(What you need to do) Each line below that includes the word "around" adds one to the count; give that count and nothing else.

(Study material)
_____
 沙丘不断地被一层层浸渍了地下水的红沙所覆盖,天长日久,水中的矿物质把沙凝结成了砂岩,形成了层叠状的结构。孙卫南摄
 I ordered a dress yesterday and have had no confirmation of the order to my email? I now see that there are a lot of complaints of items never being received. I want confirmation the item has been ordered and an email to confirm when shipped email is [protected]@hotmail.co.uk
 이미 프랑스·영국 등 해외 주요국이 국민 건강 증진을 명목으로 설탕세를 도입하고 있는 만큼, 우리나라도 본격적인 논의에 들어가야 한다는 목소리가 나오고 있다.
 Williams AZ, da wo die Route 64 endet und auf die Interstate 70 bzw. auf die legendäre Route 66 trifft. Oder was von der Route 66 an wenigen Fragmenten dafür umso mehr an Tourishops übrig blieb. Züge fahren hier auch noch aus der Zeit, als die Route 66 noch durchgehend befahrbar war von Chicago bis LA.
_____
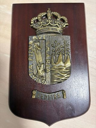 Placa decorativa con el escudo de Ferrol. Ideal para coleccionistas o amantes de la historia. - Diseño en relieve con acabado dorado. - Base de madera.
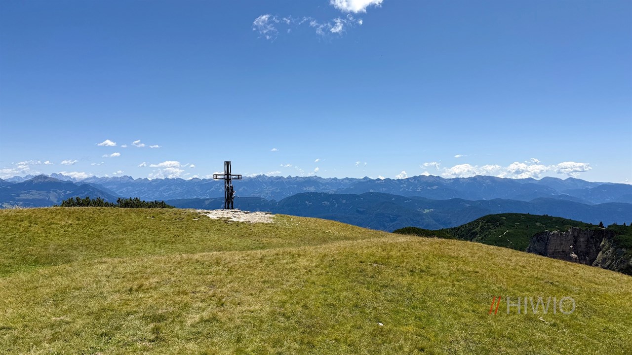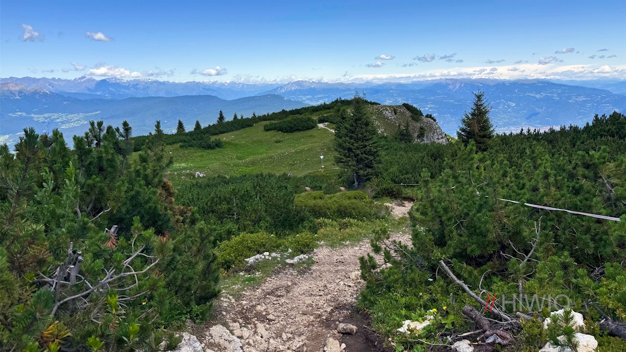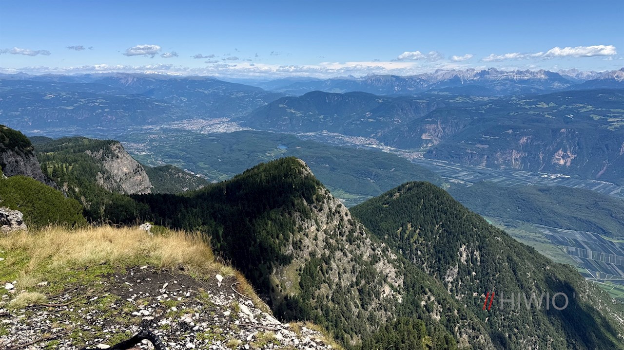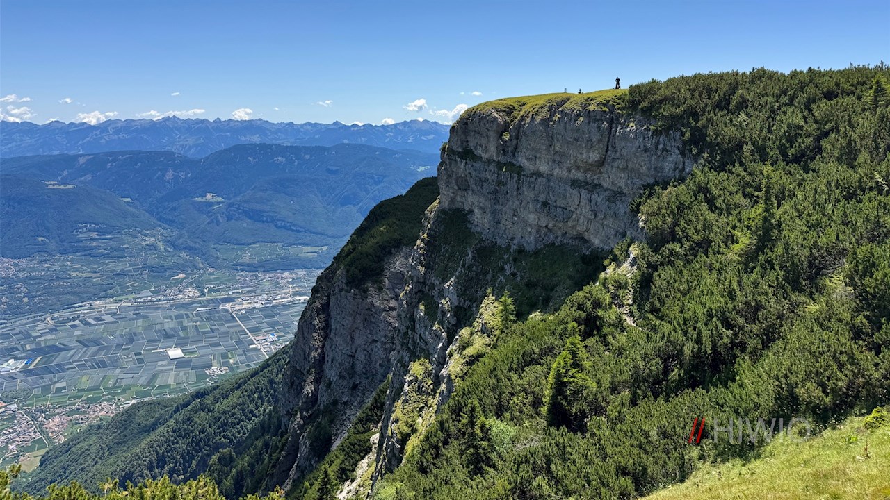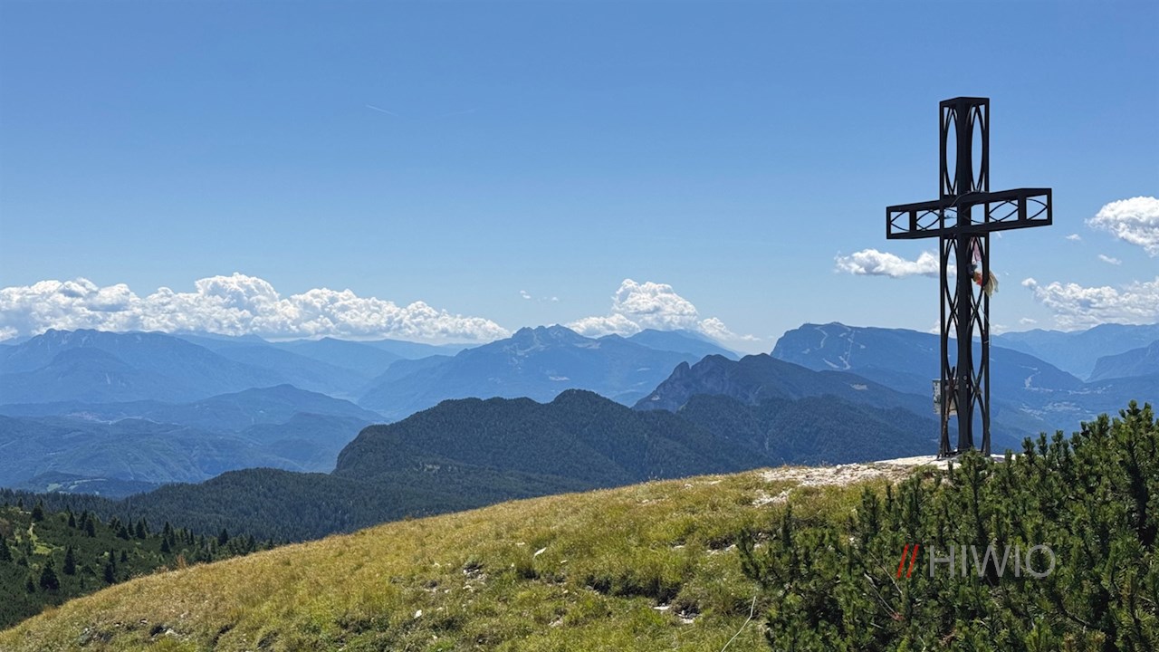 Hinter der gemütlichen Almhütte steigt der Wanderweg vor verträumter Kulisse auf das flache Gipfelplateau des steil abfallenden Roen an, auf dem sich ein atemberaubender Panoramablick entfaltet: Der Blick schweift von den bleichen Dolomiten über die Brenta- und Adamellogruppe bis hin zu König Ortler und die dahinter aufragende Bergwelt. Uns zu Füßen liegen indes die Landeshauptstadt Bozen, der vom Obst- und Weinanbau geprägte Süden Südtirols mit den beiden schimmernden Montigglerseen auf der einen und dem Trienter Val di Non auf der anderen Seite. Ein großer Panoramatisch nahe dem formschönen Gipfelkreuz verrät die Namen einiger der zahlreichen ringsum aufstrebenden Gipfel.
_____
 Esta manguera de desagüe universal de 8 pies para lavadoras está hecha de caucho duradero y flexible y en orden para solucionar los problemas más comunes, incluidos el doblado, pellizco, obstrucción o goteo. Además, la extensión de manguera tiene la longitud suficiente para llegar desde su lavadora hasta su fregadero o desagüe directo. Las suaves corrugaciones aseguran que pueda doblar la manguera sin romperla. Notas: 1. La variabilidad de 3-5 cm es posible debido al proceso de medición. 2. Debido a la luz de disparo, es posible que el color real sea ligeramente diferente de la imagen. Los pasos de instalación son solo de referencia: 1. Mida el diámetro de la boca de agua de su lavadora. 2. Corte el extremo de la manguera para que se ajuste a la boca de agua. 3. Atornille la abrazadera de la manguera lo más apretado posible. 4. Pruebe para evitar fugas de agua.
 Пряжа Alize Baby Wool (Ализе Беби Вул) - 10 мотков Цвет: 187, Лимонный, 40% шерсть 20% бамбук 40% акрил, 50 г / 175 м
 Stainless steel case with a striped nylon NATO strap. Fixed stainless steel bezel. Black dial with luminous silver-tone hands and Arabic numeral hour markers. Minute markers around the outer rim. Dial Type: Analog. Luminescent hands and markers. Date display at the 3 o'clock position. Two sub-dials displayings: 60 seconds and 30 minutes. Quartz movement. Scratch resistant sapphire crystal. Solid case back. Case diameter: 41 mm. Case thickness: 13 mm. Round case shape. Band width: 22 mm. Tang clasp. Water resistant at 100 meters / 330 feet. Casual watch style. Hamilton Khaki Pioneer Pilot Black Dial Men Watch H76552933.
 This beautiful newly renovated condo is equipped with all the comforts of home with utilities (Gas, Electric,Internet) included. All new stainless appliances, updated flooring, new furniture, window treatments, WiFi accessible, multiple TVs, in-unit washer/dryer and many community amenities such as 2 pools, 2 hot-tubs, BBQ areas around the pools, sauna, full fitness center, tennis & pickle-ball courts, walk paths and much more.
_____
(Response) 2